Macuamule Cristiano J, Tjhin Erick T, Jana Collins E, Barnard Leanne, Koekemoer Lizbé, de Villiers Marianne, Saliba Kevin J, Strauss Erick
Department of Biochemistry, Stellenbosch University, Stellenbosch, South Africa.
Research School of Biology, College of Medicine, Biology, and Environment, The Australian National University, Canberra, ACT, Australia.
Antimicrob Agents Chemother. 2015;59(6):3666-8. doi: 10.1128/AAC.04970-14. Epub 2015 Apr 6.

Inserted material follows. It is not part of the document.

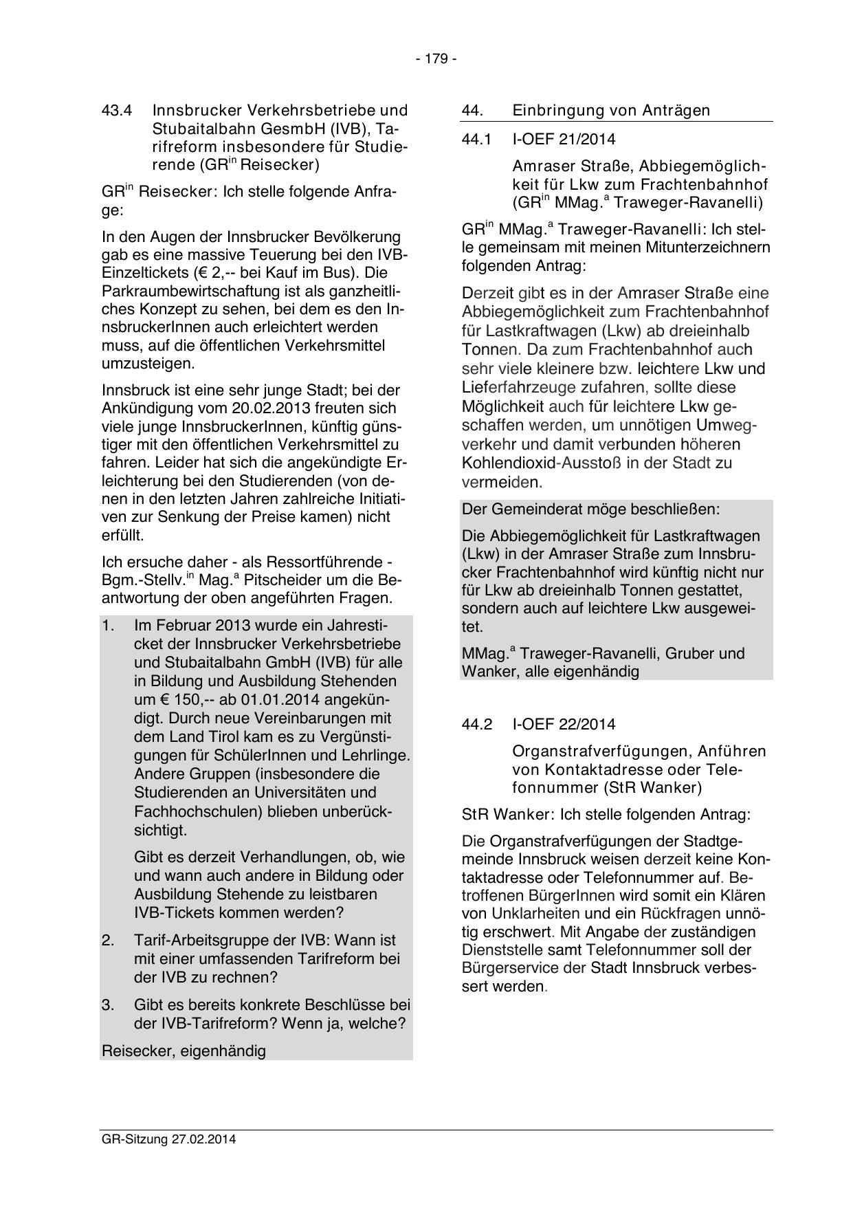 Ich ersuche daher - als Ressortführende Bgm.-Stellv.in Mag.a Pitscheider um die Beantwortung der oben angeführten Fragen.

Pantothenamides inhibit blood-stage Plasmodium falciparum with potencies (50% inhibitory concentration [IC50], ∼20 nM) similar to that of chloroquine. They target processes dependent on pantothenate, a precursor of the essential metabolic cofactor coenzyme A. However, their antiplasmodial activity is reduced due to degradation by serum pantetheinase. Minor modification of the pantothenamide structure led to the identification of α-methyl-N-phenethyl-pantothenamide, a pantothenamide resistant to degradation, with excellent antiplasmodial activity (IC50, 52 ± 6 nM), target specificity, and low toxicity.
泛硫乙胺抑制恶性疟原虫血液期的效力(50%抑制浓度[IC50],约20 nM)与氯喹相似。它们作用于依赖泛酸盐(必需代谢辅因子辅酶A的前体)的过程。然而,由于血清泛肽酶的降解作用,它们的抗疟原虫活性降低。对泛硫乙胺结构进行微小修饰后,鉴定出α-甲基-N-苯乙基-泛硫乙胺,这是一种抗降解的泛硫乙胺,具有出色的抗疟原虫活性(IC50,52±6 nM)、靶标特异性和低毒性。